To see the full list of arguments that AMiGA will accept, you can pass the -h or --help to the command of interest which include summarize, fit, normalize, test, heatmap, compare, and get-time.

python amiga.py <command> --help

Below I elaborate on how to use all arguments that are used by these commands.

Selecting input/output

-i or --input

Accepts a string which is the path to a working directory or a specific data file. The path can be relative or absolute.

-o or --output

Accepts a string which defines the filename (no extension and no path) for your files. If AMiGA needs to merge results across multiple plates (due to the --subset or --merge-summary arguments) but no filename is passed here, AMiGA will instead give files a unique time stamp (e.g. 2020-08-26_09-09-59).

Reducing samples: see Data Subsetting for more details.

-f or --flag

Defines which wells should be excluded form the analysis. The proper syntax for the argument is to define the Plate_ID followed by a colon (:) followed by Well IDs separated by commmas (,). User can concatenate flags for different plates with a semicolon (;). For example, --flag "ER1_PM1-1:A11,C2;ER1_PM1-2:B3,B4,D5".

-s or --subset

Defines which files to be included in the analysis. The proper syntax for the argument is to define the variable of interest (e.g. Isolate) followed by a colon (:) followed by the values of the variable of interest separated by commmas (,). User can susbet on different variables by concatenatig arguments with a semicolon (;). For example, --subset Isolate:E.coli,C.diff;Antibiotics:None,Clindamycin.

Selecting time points

-t or --interval

Used to define the interval between time points in the data passed to AMiGA. Users can pass a single integer (e.g. --interval 900) or specify the interval for each plate (e.g. --interavl "ER1_PM1-1:600;ER1_PM1-2:900;ER1_PM2-1:450"). For the latter option, users must pass the Plate_ID followed by a colon (:) followed by the interval. User can set the interval for multiple plates by concatenating arguments with a semicolon (;) The default is 600 seconds. The default can be also modified in the libs/config.py file (see Configure default parameters). In addition, user can modify the unit of time in the data input and output.

-sfn or --skip-first-n

Accepts an integer which is the number of time points to ignore in the beginnning. Default is 0.

-tss or --time-step-size

Accepts an integer which is used to define how many time points to include in the GP model. For example, 1 indicates that each time point is included (i.e. T0, T1, T2, …); 2 indicates that every other time point is included beginning with the first one (i.e. T0, T2, T4, …); and so on. The default value is 1. Thinning of the data helps speed up the GP inference and reduction of the input to the GP model does not drastically alter overall growth curve shape as long as the input growth curve is smooth and does not exhibit acute spikes or dips. However, thinning of the data may alter estimates of growth parameters that describe fast dynamics (e.g. lag time and adaptation time) so please verify that your analysis would not be affected by reducing time points before doing so.
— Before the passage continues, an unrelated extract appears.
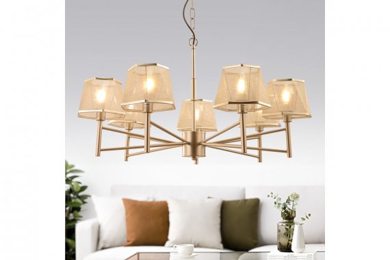 Люстра Rivoli Edna 2082-307 7 х Е14 40 Вт классика 7-рожковая люстра в золотом цвете с тканевыми плафонами – Rivoli Edna (арт. 2082-307). Большая яркая люстра на потолок подходит для основного освещения пространств площадью до 21 м2. Декоративная ткань золотистого оттенка прекрасно пропускает свет, при этом смягчая освещение. Источники света люстры расположены по кругу, что позволяет равномерно распределить световые потоки ламп. Подвесная люстра Edna Rivoli применяется с лампочками Е14 мощностью 40 Вт. Для экономии электричества можно купить в данную люстру потолочную светодиодные лампочки LED. Если вам нужна люстра поменьше, рассмотрите люстру Rivoli Edna под 5 ламп – арт. 2082-305. Для организации дополнительного освещения рекомендуем бра настенные Rivoli Edna – арт. 2082-401. Люстры дизайнерские Edna имеют возможность регулировки высоты подвеса.

--keep-missing-time-points

A boolean argument which forces AMiGA to model time points at which some replicates may have missing values. This is only applicable if user requests pooling with --pool-by argument. For example, you are pooling two plates where OD was measured hourly for a total of 25 time points for the first plate and 27 time points for the second plates. By default, AMiGA willd drop the last time points because the number of observations at that time is lower than the number of input growth curves. If you keep missing time points, AMiGA will include these less-sampled time points in the GP model.

Manipulating growth curves

--do-not-log-transform

A boolean argument which forces AMiGA to analyze growth curves without log-10 transformation. This may be useful if user is not analyzing microbial biomass or growth. For example, users may analze data in “Omnilog” units which are a proxy for microbial respiration not growth. Default value is False.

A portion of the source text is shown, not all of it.